Provided data below:

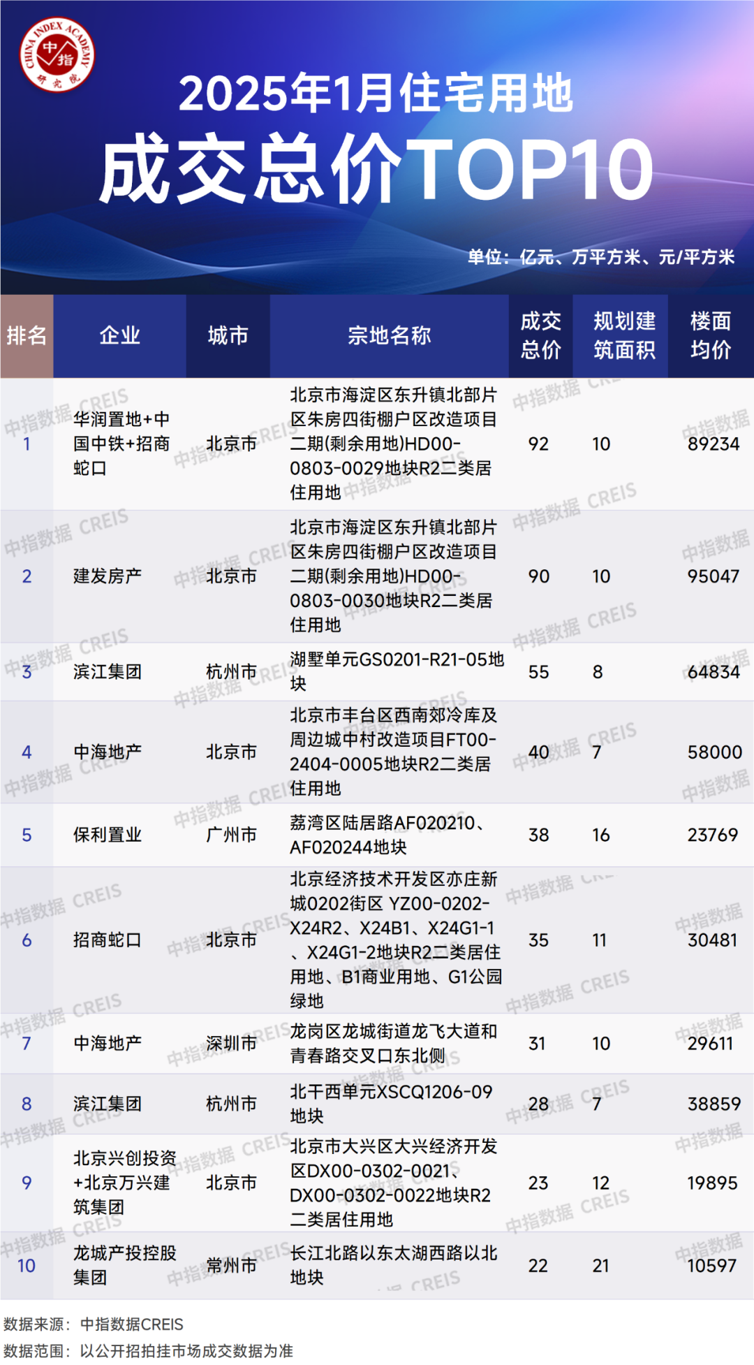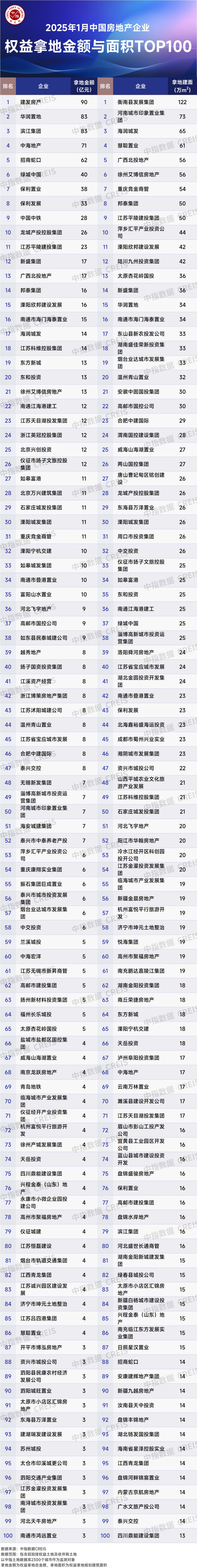 智通财经APP获悉,近日,中指研究院公布2025年1月全国房地产企业拿地TOP100排行榜。2025年1月,TOP100企业拿地总额1210.7亿元,同比增长41.4%,相较上年由负转正。政策方面,1月22日,自然资源部、财政部、央行、金融监管总局联合印发《土地储备管理办法》,明确要求,各地需依据国民经济和社会发展规划、国土空间规划,编制土地三年滚动计划,合理确定未来三年土地储备规模莫。对于三年内可收储的土地资源,要在总量、结构、布局、时序等方面进行统筹安排,结合城市更新、成片开发等工作划定储备片区,优先储备空闲、低效利用等存量建设用地。预期2025年,收储存量土地将加速。
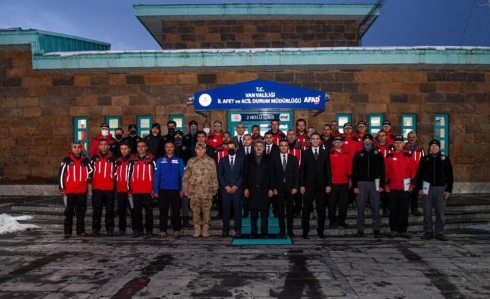 AFAD Van İl Müdürlüğünün toplantı salonunda yapılan törene Van Valisi ve Büyükşehir Belediye Başkan Vekili Mehmet Emin Bilmez, Van İl Jandarma Komutanı Tuğgeneral Hüseyin Bekmez, İl Emniyet Müdürü Atanur Aydın, vali yardımcıları Ömer Faruk Canpolat, Yavuz Arslan, Adem Balkanlıoğlu ve Hamit Genç, AFAD Van İl Müdürü Ali İhsan Körpeş, ilgili birim amirleri ve arama kurtarma ekipleri katıldı.
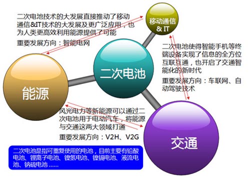图1:以锂离子电池为代表的二次电池技术的大发展,使移动通信&IT、交通、能源这三大对人类文明进步至关重要的关键领域,相互之间彻底打通成为了可能
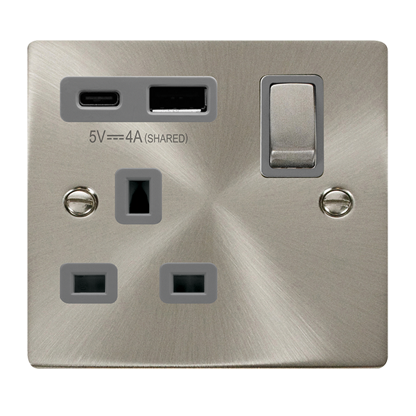 Click Deco Deco Ingot 13A 1 Gang Switched Safety Shutter Socket Outlet With Type A & C Usb (4A) Outlets Satin Chrome Grey Inserts
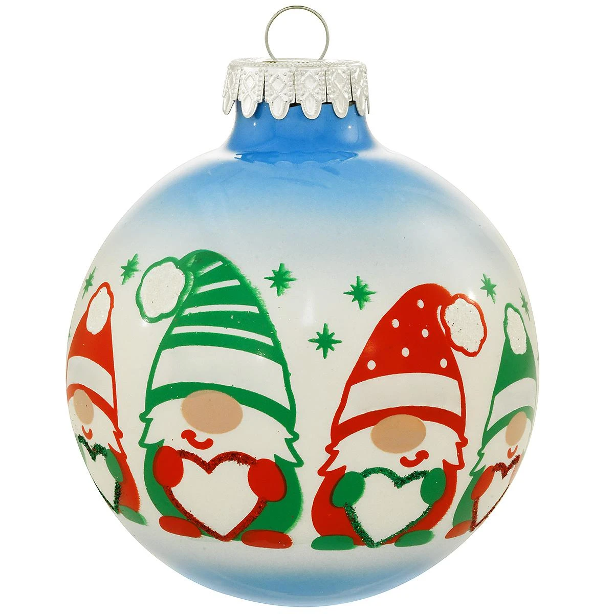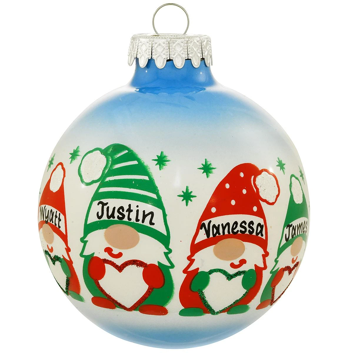 For this happy family…GNOME is where the heart is! Our shimmering 2 tone blue and white ornament is artfully crafted in glass and features 4 gnomes (2 parents and 2 kids) holding hearts as stars twinkle all around. Adorned with vivid red and green glazes and iridescent hand-glittered accents, this 4″ round keepsake makes an enchanting gift for the special family on your list! Crafted in Hungary exclusively for Bronner’s.Â
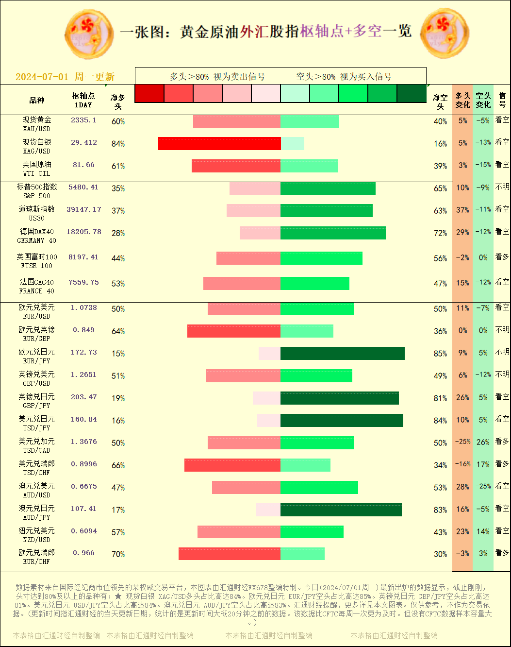 一张图:2024/07/01黄金原油外汇股指"枢纽点+多空占比"一览
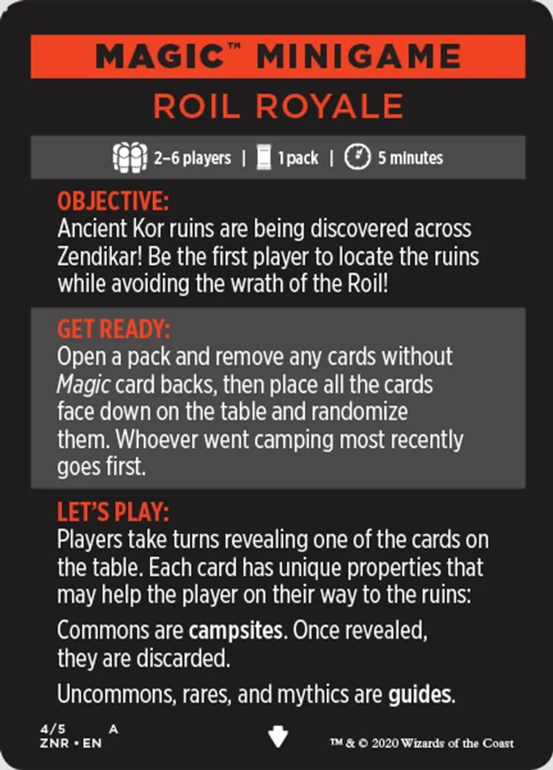 Magic: the Gathering (mtg) Token Minigame Card Magic Minigame: Roil Royale from Zendikar Rising Tokens (TZNR) last updated 2026-02-21 16:31:07
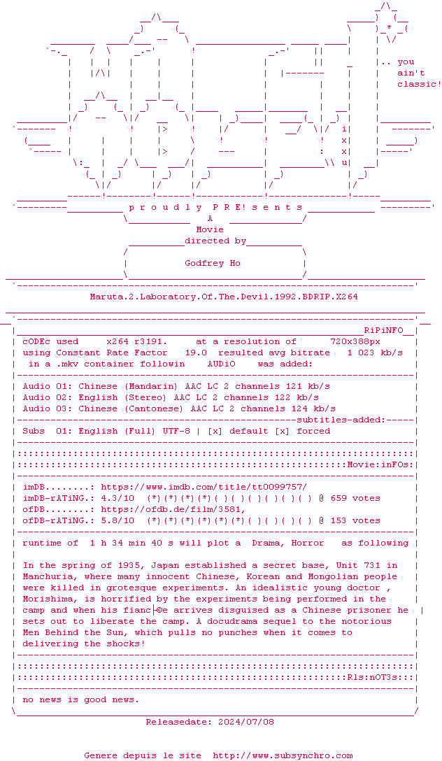 Voir le nfo de la release Maruta.2.Laboratory.Of.The.Devil.1992.BDRIP.x264-WATCHABLE
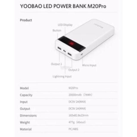 Sạc dự phòng 20000mAh YB-M20Pro YOOBAO

End of Provided data.

The problem :: From the line containing "Voir le nfo" down to the last line of the entries above, retype each line exactly as it stands, but skip the pictures.

Exercise answer ::
 Voir le nfo de la release Maruta.2.Laboratory.Of.The.Devil.1992.BDRIP.x264-WATCHABLE
 Sạc dự phòng 20000mAh YB-M20Pro YOOBAO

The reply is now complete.